Experiment Analyzer

Analyze LLM experiment results to identify performance issues and recommend improvements.

Usage

/analyze-experiment <experiment_id>

The experiment_id is: $ARGUMENTS

Available Tools

Use these MCP tools for analysis:

Tool	Purpose
`search_llmobs_spans`	Search for LLM Observability spans matching filters (entry point for trace analysis)
`search_datadog_llmobs_spans`	Retrieve and analyze LLM Observability spans with custom attributes
`get_llmobs_trace`	Get full structure of a trace as a span hierarchy tree
`get_llmobs_span_details`	Get detailed metadata for one or more spans (timing, LLM info, content_info)
`get_llmobs_span_content`	Retrieve actual content of a specific field from a span (input, output, messages, etc.)
`expand_llmobs_spans`	Load children of specific spans in a trace for progressive tree exploration
`find_llmobs_error_spans`	Find all error spans in a trace with propagation context
`get_llmobs_agent_loop`	Get chronological view of an agent's execution loop (decisions, tool calls, LLM calls)
`get_llmobs_experiment_summary`	Get high-level summary of an experiment with pre-computed metric stats
`list_llmobs_experiment_events`	List experiment events with filters, sorting, and pagination
`get_llmobs_experiment_event`	Get full details for a single experiment event (input, output, metrics, dimensions)
`get_llmobs_experiment_metric_values`	Get statistical analysis for a metric, optionally segmented by dimension
`get_llmobs_experiment_dimension_values`	Get unique values for a dimension with counts

Analysis Workflow

Before each action, reason about what you've learned and what to investigate next. This makes the analysis adaptive and transparent.

Reasoning Pattern

For each phase, follow this pattern:

Thought: What do I know? What's surprising? What should I investigate next? Action: Call the appropriate tool Observation: What did it return? What does it mean?

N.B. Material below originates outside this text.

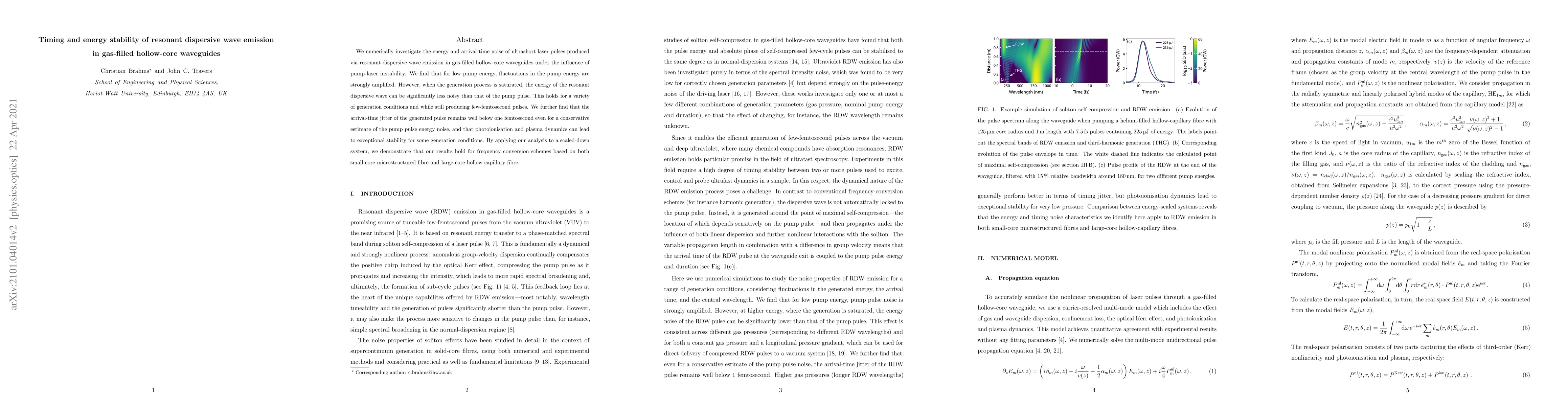 This paper investigates the stability of ultrashort laser pulses generated via resonant dispersive wave emission in gas-filled hollow-core waveguides, finding that low pump energy amplifies fluctuations but saturation leads to significantly less noisy pulses. The arrival-time jitter remains below one femtosecond, and exceptional stability can be achieved under certain conditions.

Continue until you have enough evidence to write the final report.

Phase 1: Orient

Thought: I need to understand the experiment's structure before diving in. What metrics exist? What dimensions can I segment by? How many events are there?

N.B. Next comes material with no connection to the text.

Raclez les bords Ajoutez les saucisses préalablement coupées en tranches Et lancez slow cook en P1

Action: Call get_experiment_summary(experiment_id)

Observation: Note:

Total events and error count
List of available metrics (classify as exact-match vs rubric/quality)
List of available dimensions
Any immediate red flags (high error rate, missing metrics)

Decision point:

If error_count is high relative to total_events, investigate errors first
If only 1-2 metrics exist, analysis will be simpler
If many dimensions exist, prioritize the most meaningful ones

Phase 2: Measure Overall Performance

Thought: Now I need baseline metrics. Which metrics are most important? Are there obvious failures?

Action: For each metric, call get_metric_values(experiment_id, metric_label)

Observation: For each metric, record:

For boolean metrics: True/False/Empty counts -> calculate pass rate
For numeric metrics: mean, min, max, distribution shape
Flag any metric with pass rate < 90% or high variance

Decision point:

If all metrics show >95% pass rate -> analysis may be brief, focus on edge cases
If a metric has <70% pass rate -> this is a primary investigation target
If metrics conflict (one good, one bad) -> investigate the relationship

Phase 3: Segment and Discover Patterns

Thought: Overall metrics hide segment-level problems. Which dimensions might explain failures? Let me check each dimension's distribution first, then segment the worst-performing metric by each dimension.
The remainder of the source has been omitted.